╔══

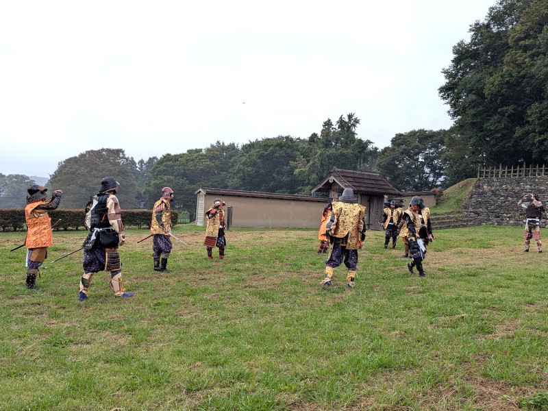 続いて、復元された四脚門や石積み土塁が圧巻の『鉢形城公園』へ。 皆様、戦国武将になりきって写真撮影をされたり、団体様ならではの「合戦シーン」を再現してみたりと、思い思いに楽しんでいらっしゃいました。 (※雨が強まってきたため、少し早めに切り上げました)
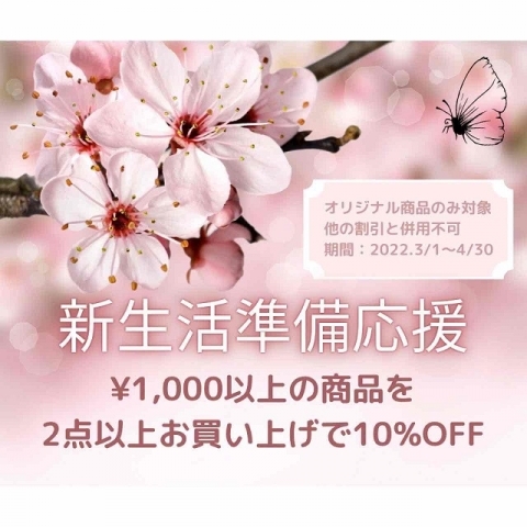 『新生活準備応援』¥1,000以上の商品を2点以上お買い上げで10%OFF
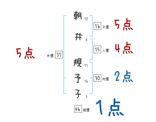 朝井規予子さんの画数の鑑定結果
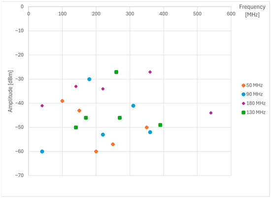 The results show an output power level between +0.5 dBm at 180 MHz and +7 dBm at 45 MHz, depending on the output frequency. The generated harmonics and spur levels are shown in Figure 8 for different generated frequencies. As can be seen, many different spurs and harmonics exist, depending on the selected fundamental frequency. The intensity varies as a function of frequency selection. The power consumption of the setup is 4.1 W for the complete frequency range. This is mainly due to the FPGA-DAC combination. The output power uncertainty is less than 1 mW. Although not necessary for the AOTF application, this setup has the advantage of having a high resolution and accuracy (up to the Hz-range). Also, the requirements of long-term stability and stabilization time are easily met.
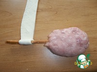 Затем берем небольшие кусочки фарша и лепим на соломку. |
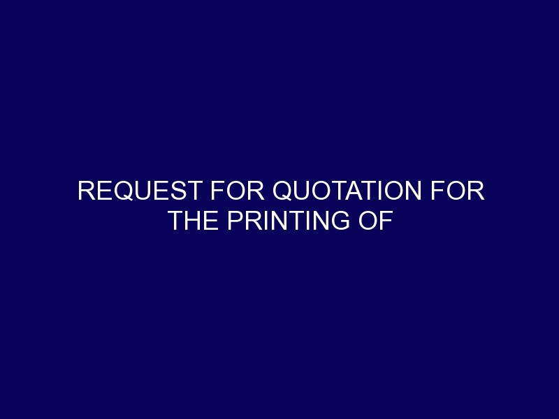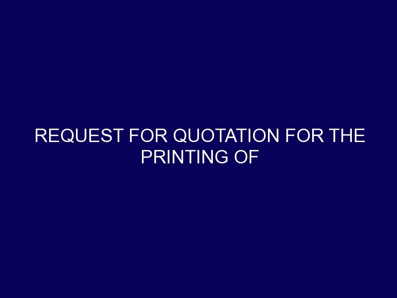 REQUEST FOR QUOTATION FOR THE PRINTING OF RECORDING AND REPORTING TOOLS FOR NTBLCP
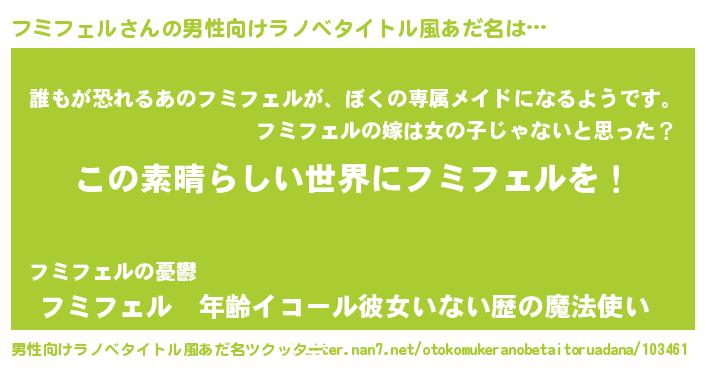 | 意味不明あだ名 | 『住所不定無職フミフェル(9歳)』 |
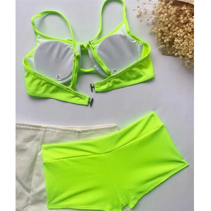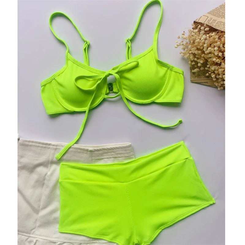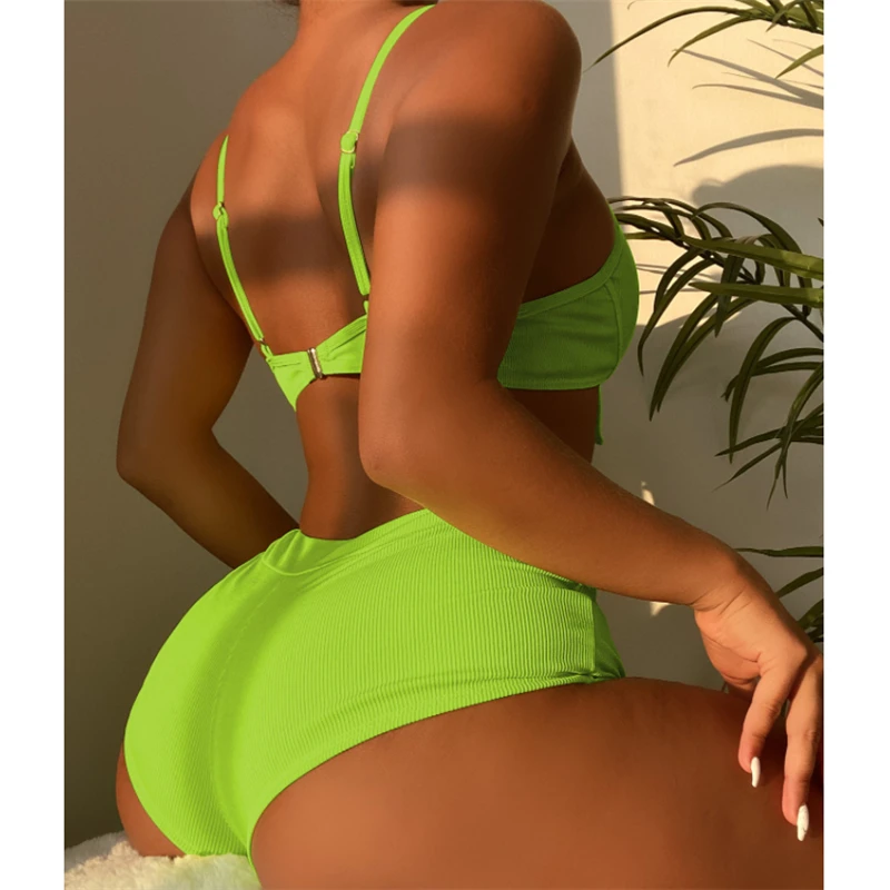 Сексуальный однотонный комплект бикини GNIM с высокой талией 2021 летний бандажный женский купальник из 2 предметов купальник с открытой спиной женский купальник бикини Новинка
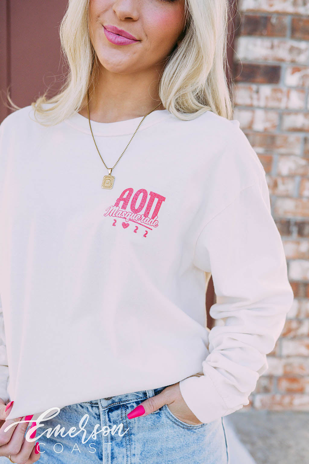 The ivory long sleeve is perfect for any design and will have the whole chapter feeling cozy.
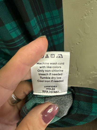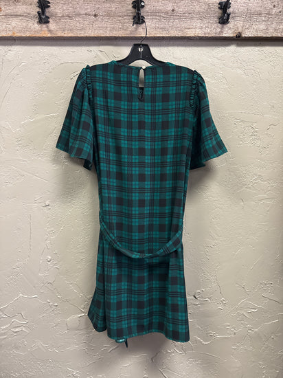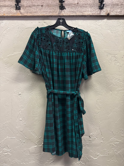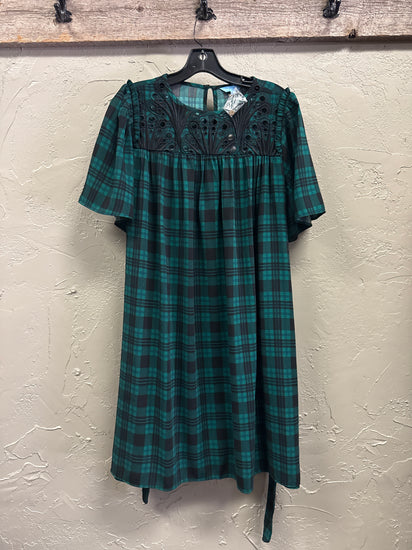 Description : New with tags, knee-length dress in a dark emerald and black plaid with a round neckline featuring a black embroidered eyelet yoke, short flutter sleeves, and a self-tie waist belt.
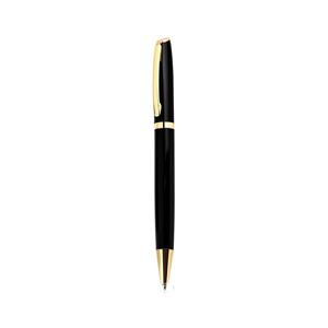 Descrição: Caneta metal com detalhes em dourado. Clip metálico com anel dourado abaixo, esferográfica aciona por giro.
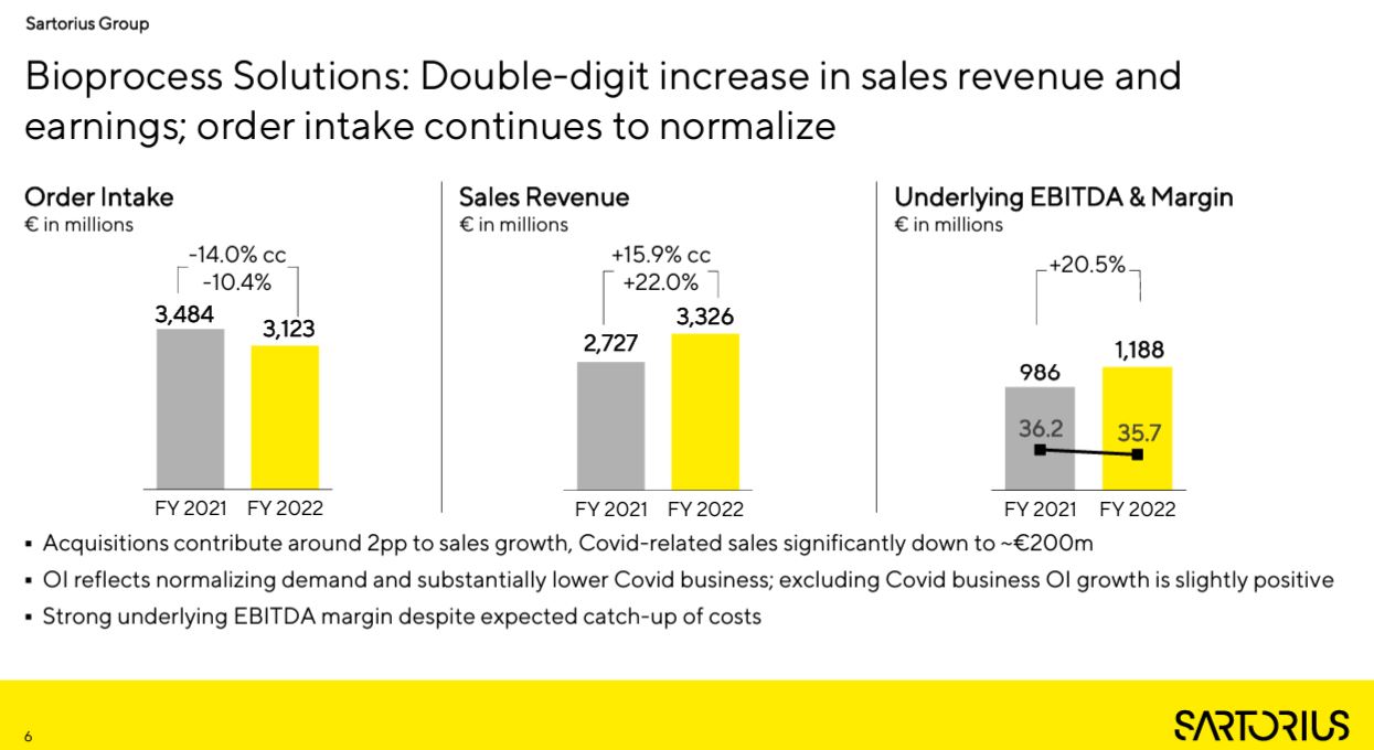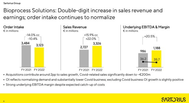 La demanda adicional relacionada con la pandemia, así como la excelente performance de sus recientes compras, impulsaron las ventas de la alemana Sartorius en 2022. Su facturación alcanzó a €4.174,7 millones, un 15,0% por encima del ejercicio previo medida en moneda constante. Ver Press Release.
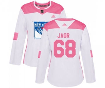 Women Adidas New York Rangers #68 Jaromir Jagr Authentic White Pink Fashion NHL Jersey
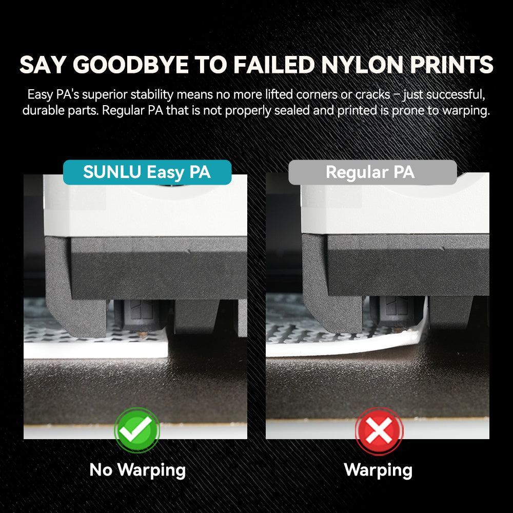 Tired of battling the notorious headaches of standard PA filament – frustrating cracking, stubborn warping, and constant moisture sensitivity ruining your prints and filament? SUNLU Easy PA is the engineered solution you've been waiting for!
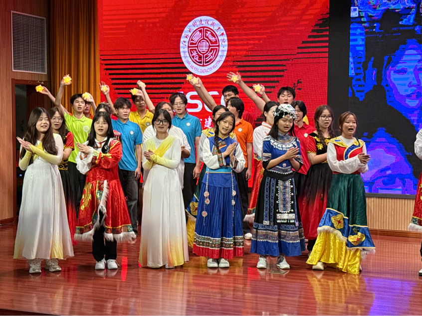 活动伊始,造价2503班率先登场,一曲《我和我的祖国》以整齐的和声、饱满的情绪拉开帷幕,青年学子眼中的热忱与旋律里的深情相融,迅速让现场浸润在浓厚的爱国氛围中。各班级随后依次亮相,演绎亮点纷呈:造价2501班演绎《百年红船》则尽显红色厚重,学子们以沉稳声线勾勒红船启航的峥嵘岁月;物管2503、2504班合并带来的《相亲相爱》堪称全场“视觉与听觉双绝”——学子们身着维吾尔族、藏族、蒙古族等各族特色服饰,既将“管理学子一家亲”的凝聚力具象成动人音符,更生动诠释了“中华民族一家亲”的深厚情谊;房管2501、2502班演唱的《如愿》更添创意巧思——学子们在悠扬旋律中融入精心编排的手势舞,指尖起落间或拼成“心”形传递温情,或化作“翅膀”象征理想,柔美动作与清澈歌声相得益彰,让舞台充满青春灵动的气息。此外,《我和我的祖国》《我爱你中国》等经典曲目也轮番上演,不同的编排与演绎,共同勾勒出青年学子传承红色基因、勇担时代使命的精神风貌。学子们还巧妙融入朗诵、队形变换等形式,让歌声不仅是情感的表达,更成为一堂生动鲜活的思政教育课。

╚══

## Task goal
Before you finish, make sure every line above has been repeated exactly and no picture remains in the copy.

## Written reply
 続いて、復元された四脚門や石積み土塁が圧巻の『鉢形城公園』へ。 皆様、戦国武将になりきって写真撮影をされたり、団体様ならではの「合戦シーン」を再現してみたりと、思い思いに楽しんでいらっしゃいました。 (※雨が強まってきたため、少し早めに切り上げました)
 『新生活準備応援』¥1,000以上の商品を2点以上お買い上げで10%OFF
 朝井規予子さんの画数の鑑定結果
 The results show an output power level between +0.5 dBm at 180 MHz and +7 dBm at 45 MHz, depending on the output frequency. The generated harmonics and spur levels are shown in Figure 8 for different generated frequencies. As can be seen, many different spurs and harmonics exist, depending on the selected fundamental frequency. The intensity varies as a function of frequency selection. The power consumption of the setup is 4.1 W for the complete frequency range. This is mainly due to the FPGA-DAC combination. The output power uncertainty is less than 1 mW. Although not necessary for the AOTF application, this setup has the advantage of having a high resolution and accuracy (up to the Hz-range). Also, the requirements of long-term stability and stabilization time are easily met.
 Затем берем небольшие кусочки фарша и лепим на соломку. |
 REQUEST FOR QUOTATION FOR THE PRINTING OF RECORDING AND REPORTING TOOLS FOR NTBLCP
 | 意味不明あだ名 | 『住所不定無職フミフェル(9歳)』 |
 Сексуальный однотонный комплект бикини GNIM с высокой талией 2021 летний бандажный женский купальник из 2 предметов купальник с открытой спиной женский купальник бикини Новинка
 The ivory long sleeve is perfect for any design and will have the whole chapter feeling cozy.
 Description : New with tags, knee-length dress in a dark emerald and black plaid with a round neckline featuring a black embroidered eyelet yoke, short flutter sleeves, and a self-tie waist belt.
 Descrição: Caneta metal com detalhes em dourado. Clip metálico com anel dourado abaixo, esferográfica aciona por giro.
 La demanda adicional relacionada con la pandemia, así como la excelente performance de sus recientes compras, impulsaron las ventas de la alemana Sartorius en 2022. Su facturación alcanzó a €4.174,7 millones, un 15,0% por encima del ejercicio previo medida en moneda constante. Ver Press Release.
 Women Adidas New York Rangers #68 Jaromir Jagr Authentic White Pink Fashion NHL Jersey
 Tired of battling the notorious headaches of standard PA filament – frustrating cracking, stubborn warping, and constant moisture sensitivity ruining your prints and filament? SUNLU Easy PA is the engineered solution you've been waiting for!
 活动伊始,造价2503班率先登场,一曲《我和我的祖国》以整齐的和声、饱满的情绪拉开帷幕,青年学子眼中的热忱与旋律里的深情相融,迅速让现场浸润在浓厚的爱国氛围中。各班级随后依次亮相,演绎亮点纷呈:造价2501班演绎《百年红船》则尽显红色厚重,学子们以沉稳声线勾勒红船启航的峥嵘岁月;物管2503、2504班合并带来的《相亲相爱》堪称全场“视觉与听觉双绝”——学子们身着维吾尔族、藏族、蒙古族等各族特色服饰,既将“管理学子一家亲”的凝聚力具象成动人音符,更生动诠释了“中华民族一家亲”的深厚情谊;房管2501、2502班演唱的《如愿》更添创意巧思——学子们在悠扬旋律中融入精心编排的手势舞,指尖起落间或拼成“心”形传递温情,或化作“翅膀”象征理想,柔美动作与清澈歌声相得益彰,让舞台充满青春灵动的气息。此外,《我和我的祖国》《我爱你中国》等经典曲目也轮番上演,不同的编排与演绎,共同勾勒出青年学子传承红色基因、勇担时代使命的精神风貌。学子们还巧妙融入朗诵、队形变换等形式,让歌声不仅是情感的表达,更成为一堂生动鲜活的思政教育课。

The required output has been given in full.